Summer survivior varieties include: most cherry tomatoes, wild Everglades, Sunmaster, solar fire, florilina, and homestead. Try to avoid placing plants in scorching sun.
Recognize that bird song? The spring air is filled with the music of mating and nesting birds.
Happy Summer! Gardening in our sandy soil is never easy and during sweltering summer days, it’s not even pleasant. But, in the morning’s dawning and in the long, lovely evenings there is usually a sea breeze to bless your labors. And the sultry season with its slower pace gives you time to spend indoors learning and dreaming of your ideal garden. Exploring books, magazines, and the internet you’ll find boundless riches of inspiration and know-how. The more you know the less work you’ll have to do, I promise. Garden knowledge helps you achieve a beautiful and satisfying garden with less effort and you’ll avoid a lot of disappointment.

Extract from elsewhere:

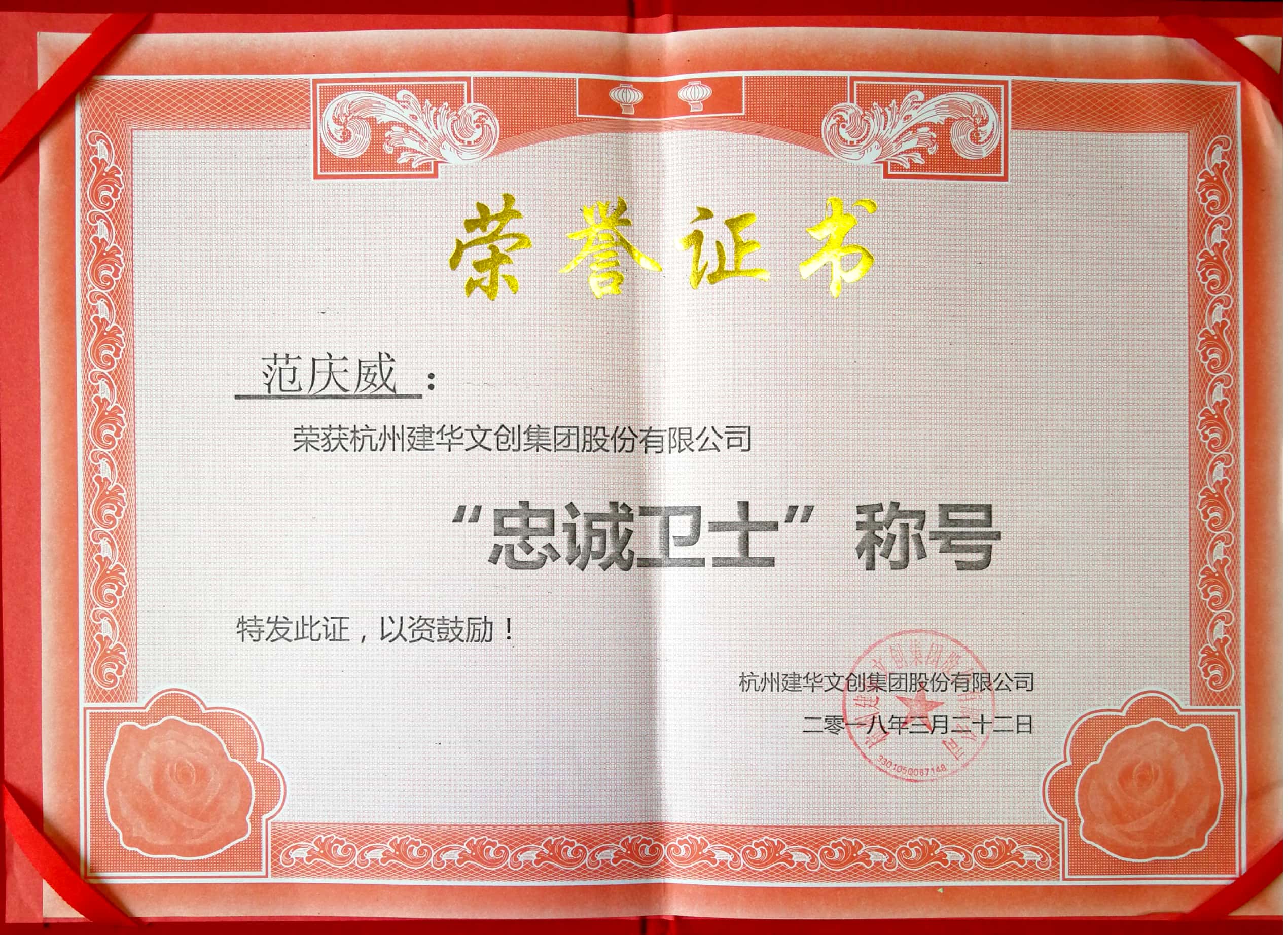 杭州拱墅保安服务公司驻杭州建华文创集团股份有限公司保安员范庆威同志,在“317”消防栓内压力表爆管事件中,不顾个人安危,用手死死堵住缺口,并及时上报属地工程部,最大程度地降低了园区及业主的损失。拱墅保安认真负责的工作态度获得了服务单位领导的高度评价与肯定,范庆威同志更是被杭州建华文创集团股份有限公司授予“忠诚卫士”称号并颁发了证书和奖励。

So, when it’s just too hot, humid, and buggy to be outdoors, dive in and educate yourself about your soil, zone 10-A plants adapted to your landscape situation and your available level of care. Use the dog days of summer to create a landscape plan. Keeping in mind the basic principles of garden design consider how you want your garden to look in a year, two years, even five years from now.

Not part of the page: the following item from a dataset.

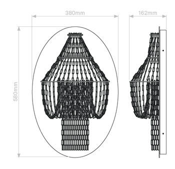 Conservant la forme et le galbe d’un modèle classique, ce chandelier en chaines, hors norme, perpétue la magie de la lumière. Sans verre, ni cristal, la lumière vient se poser pour faire scintiller des gouttelettes de lumière sur les 6400 maillons d’inox.

ELEMENTS OF LANDSCAPE DESIGN
WHAT TO PLANT
Annuals: Annuals that can take full sun during the increasingly hot summer months include celosia, portulaca, vinca, and some coleus. See Annuals
Palms: Summer's warm, rainy months are the perfect time to plant palms. Make sure not to cover the trunk with soil. See Palms
Herbs: Plant heat-loving herbs, including basil, ginger, summer savory, cumin, Mexican tarragon, and rosemary. See Herbs
Vegetables: Plant okra, southern pea, calabaza, Malabar spinach, and sweet potato. It is too late to plant tomatoes except for seedling cherries and wild Everglades.
WHAT TO DO
Deadhead spent flowers to stimulate new blooms.
Pests: Monitor the landscape and garden weekly for harmful insects. Knowing which insects attack a plant can aid in identification and treatment. See Landscape Pest Management
Mow lawns at recommended heights: •
St. Augustine & Bahia: 3-4”,
Dwarf St. Augustine: 2.5”,
Irrigation: Watch for drought stress and water as needed if rainfall has been spotty. Focus on new plantings and follow watering restrictions. When rains begin, shut down the irrigation system. See Landscape Irrigation
Propagation: Produce more plants by air layering, grafting, division, or cuttings. See Seeds and Propagation (Land and Garden):
Palms and cycads: Watch for nutrient deficiencies or other problems and use an appropriate treatment. Keep lawn fertilizers away from the root zone. See Palm Care
Pruning: Lightly prune summer-flowering shrubs, like hibiscus, oleander, Ixora, and crape myrtle, during the warmer months because they bloom on new growth. See Pruning Landscape Trees and Shrubs
Summer is hot and we are all inside but the gardens look beautiful from the air conditioning.